Whitehall lay-offs, Gordon Brown style

Is Gordon Brown capable of getting anything right? Gordon Brown's government of all the talents (!) is meant to be more than halfway through the Gershon Review inspired three-year programme designed to save £21.5bn in spending by government departments. However it seems that payments totalling £432 million have been made to the 7,718 staff so far made redundant - I'll save you the calculation, that's an average of almost £56,000 per head and I am sure that whilst many would have received less than that, there are many who would have received a lot more.

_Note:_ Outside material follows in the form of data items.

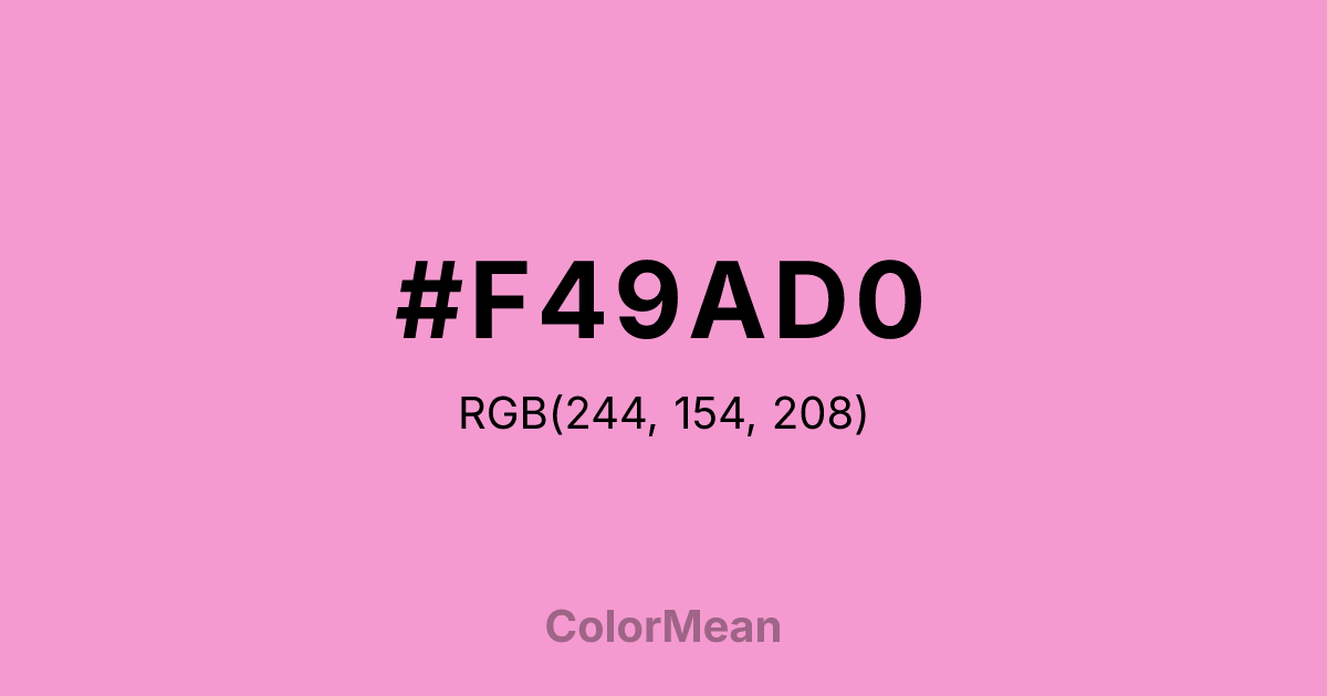 #F49AD0 RGB value is (244, 154, 208). The hex color red value is 244, green is 154, and blue is 208. Its HSL format shows a hue of 324°, saturation of 80 percent, and lightness of 78 percent. The CMYK process values are 0 percent, 37 percent, 15 percent, 4 percent.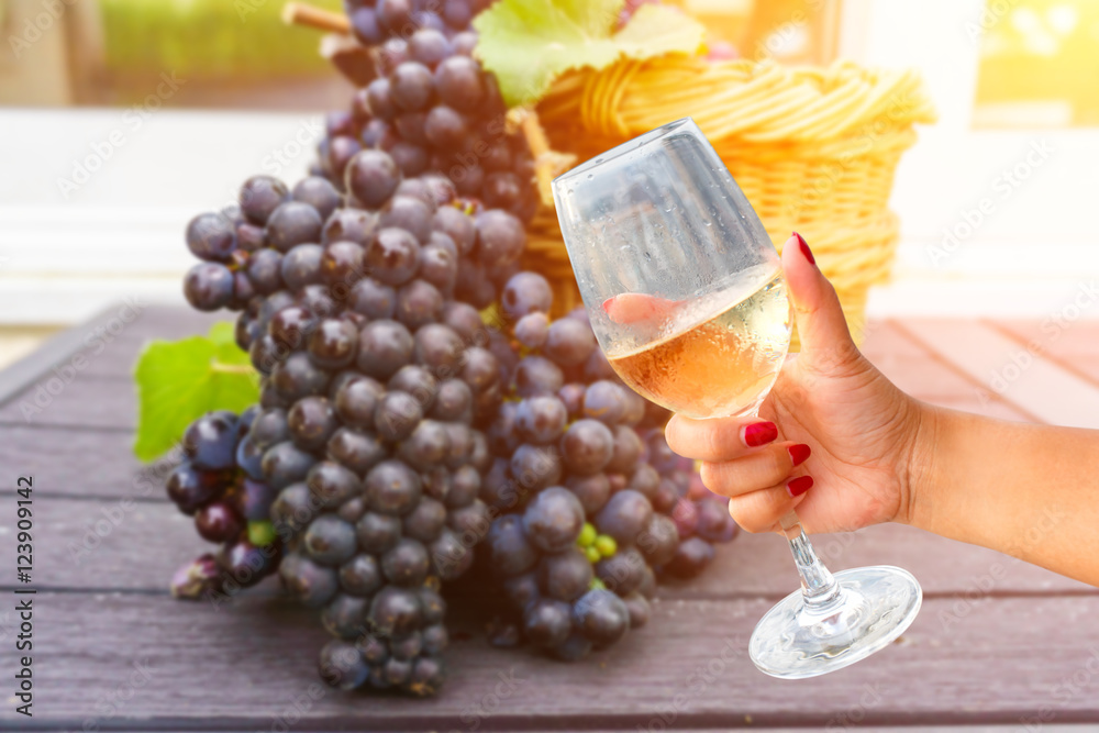 Woman holding a wine glass on vine grapes in champagne on wood background, France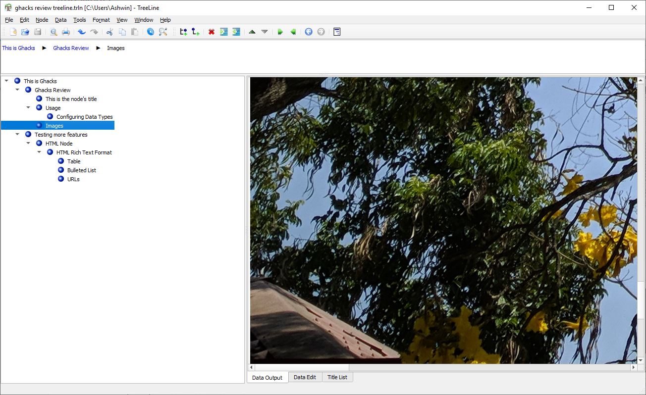 Select Apply and then the OK button to close the “Configure Data Types” window. Whew! That was a bit difficult, wasn’t it? Let me explain what we did here. We created a new text box called “Plain_Text” that we can use for saving notes, and we also had to set TreeLine to display the note in the output viewer.
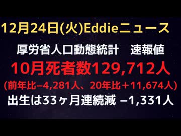 人口動態統計速報値10月分発表 死亡数前年同月比はー4,281人、アレ前の2020年10月比+11,674人 減少は秋からのアレ回避原因か 出生は32ヶ月連続減の前年比−1,331人 改善は見られず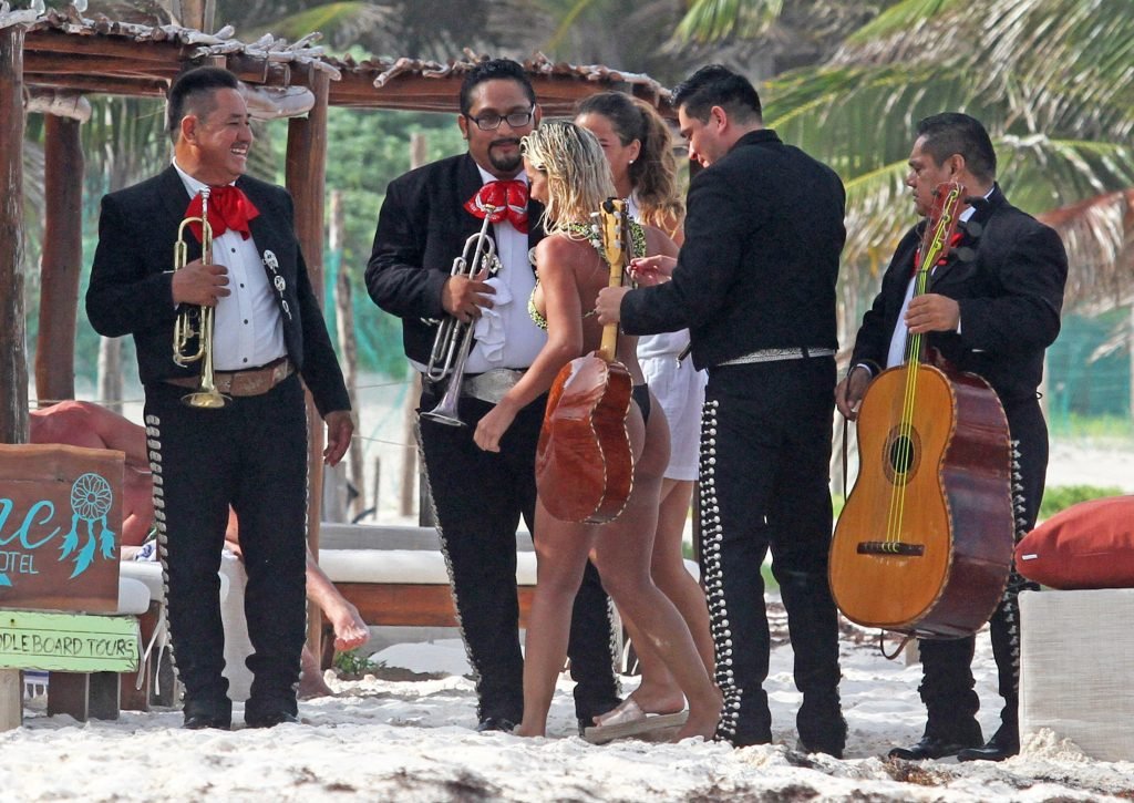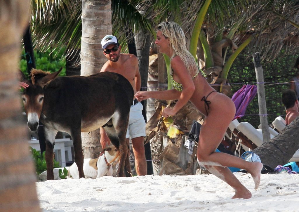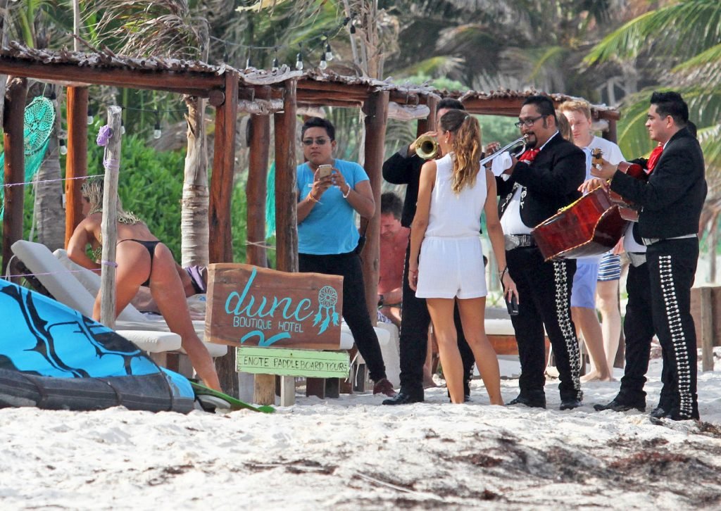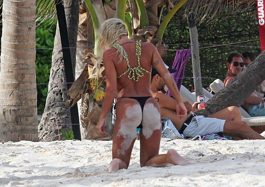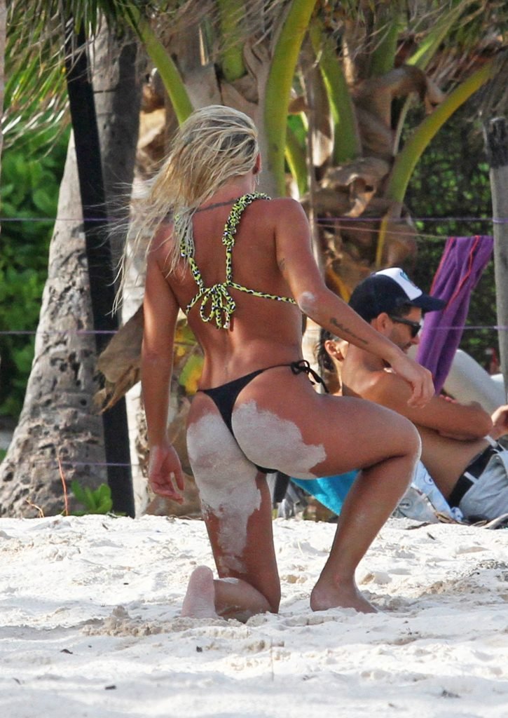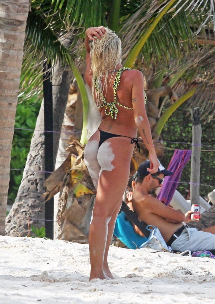 Solci Perez, la présentatrice météo argentine de 24 ans et star des réseaux sociaux, profite de moments en famille sur la plage à Tulum, Mexico, Mexique, 27/06/2018.

According to the Lib Dems Lord Oakeshott, "Two Treasury bigwigs really hit the jackpot, splitting over a million pounds between them...Did 67 senior managers at the Treasury really deserve golden goodbyes averaging over £220,000 each, on top of their generous pensions?"


Once again Gordon Brown's government is more than happy to waste public money in a way that the private sector just wouldn't.

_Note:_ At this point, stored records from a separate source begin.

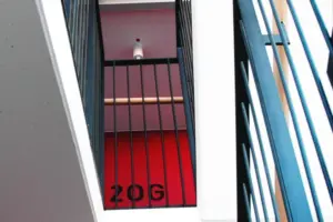 Konzept Einpassung in die Baulücke nach funktionalen Aspekten mit einer dreifachen Grobgliederung der Fassade, Gerichtsräume und Säle im EG + OG, Büros in vier Geschossen darüber und die Leitung + Verwaltung im zurückspringenden Dachgeschosses. Verkleidung der Tragkonstruktion mit Natursteinplatten. Zentrale Erschließung mit Aufzügen und Treppenhaus von der Straße aus; die Tiefgarage, Technik- und Lager- Räume im Untergeschoss sind zusätzlich über Hausdurchfahrt erreichbar.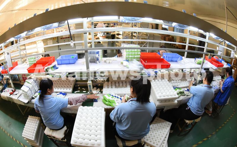 图片说明:2025年9月8日,江苏省连云港市海州区锦屏工业园,工人在生产线上赶制一批LED绿色节能照明灯具。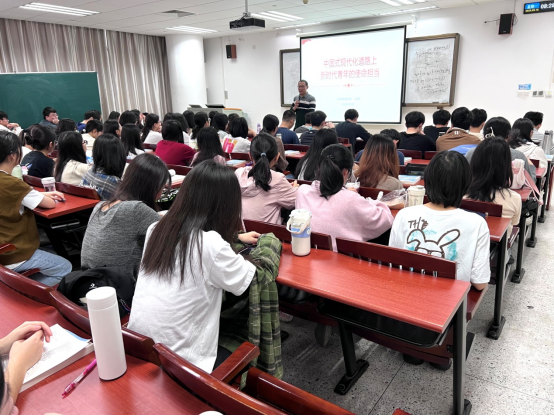 杜应发以“中国式现代化”为主题,以毛泽东、周恩来、邓小平等老一辈革命家青年时期的抱负追求为例,指出广大青年是推进中国式现代化的先锋力量。随后,杜应发与同学们共同学习了习近平总书记视察广东重要讲话精神,引导同学们牢记总书记对广东“在推进中国式现代化建设中走在前列”的嘱托,切实感悟宏伟蓝图已绘就,青春奋斗正当时,努力把个人发展融入民族复兴的伟业之中。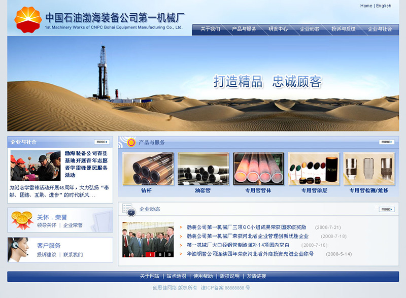 基于目前互聯(lián)網(wǎng)的發(fā)展現(xiàn)狀和公司原有網(wǎng)站更改不方便等問題,現(xiàn)需求符合企業(yè)品牌及文化的網(wǎng)絡(luò)平臺宣傳企業(yè)。渤海石油裝備制造有限公司第一機(jī)械廠是中國石油天然氣集團(tuán)公司所屬石油專用管生產(chǎn)基地,是一個集鉆桿、油套管、管體、石油專用管防腐及鉆桿檢測/修理及于一體的綜合性工廠。工廠前身是華北石油管理局第一機(jī)械廠,始建于1976年,工業(yè)占地面積199萬㎡?,F(xiàn)有職工874人,具有很強(qiáng)的設(shè)計、研制、開發(fā)和生產(chǎn)能力...

The other part of the BBC report that inrigued me was this, "Lord Oakeshott said:...The Home Office and MoD are totally incompetent for failing to give answers, when other big departments can give us these vital figures...No wonder the Home Office loses track of who to deport if it can't even count its own redundancies. The MoD doesn't seem to have a clue what 19,000 non-retiring leavers have cost the taxpayer."
"A Ministry of Defence spokesman said: "This information could only be provided to Lord Oakeshott at disproportionate cost as it would require a department-wide trawl to establish the number and cost of voluntary and compulsory redundancies that have taken place to date as a result of the Gershon review.""

Can you imagine there being any large private sector organisation which could go though a programe of redundancies and not have a record at Head Office of the total numbers? It is basic Human Resources accounting; the public sector should be run as well, if not better, than the private sector - it quite clearly is not.